Problem:
Extract the full listing verbatim and drop any pictures from your copy.

Data below:
........

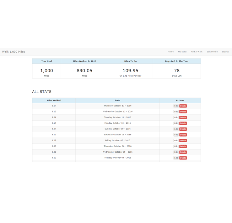 Quick Ruby on Rails app that dynamically tracks and displays how many miles I walk per year, counting down to my goal of 1,000 miles per year. Does simple calculations, user login/out authentication, database to hold data, etc... -
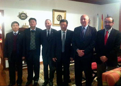 图为与西班牙圣得亚哥大学洽谈合作时与大学校长的合影。
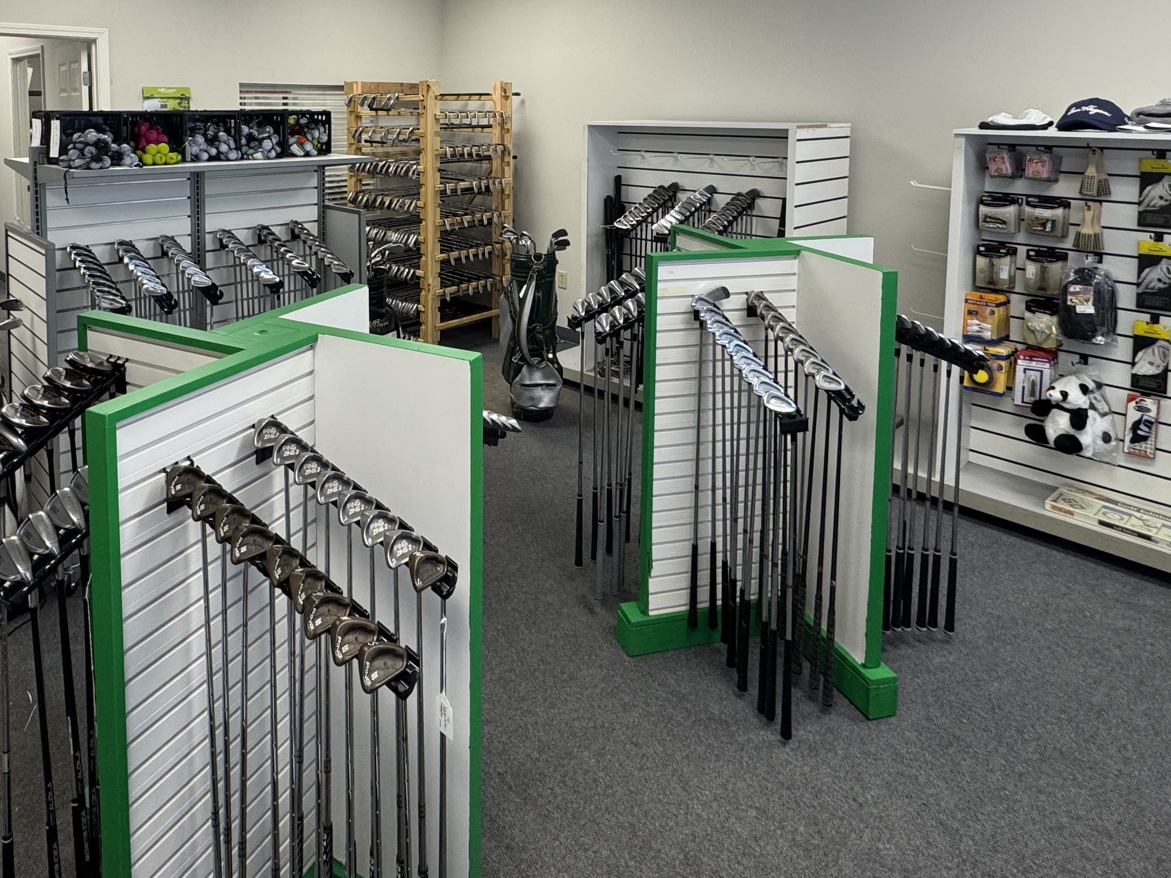 We have plenty of newer clubs too, like TaylorMade, Nike, and Tour Edge, as well as tons of new & used balls, bags, gloves and tees. Everything you need to get on the course, except shoes.

........

Answer space:
 Quick Ruby on Rails app that dynamically tracks and displays how many miles I walk per year, counting down to my goal of 1,000 miles per year. Does simple calculations, user login/out authentication, database to hold data, etc... -
 图为与西班牙圣得亚哥大学洽谈合作时与大学校长的合影。
 We have plenty of newer clubs too, like TaylorMade, Nike, and Tour Edge, as well as tons of new & used balls, bags, gloves and tees. Everything you need to get on the course, except shoes.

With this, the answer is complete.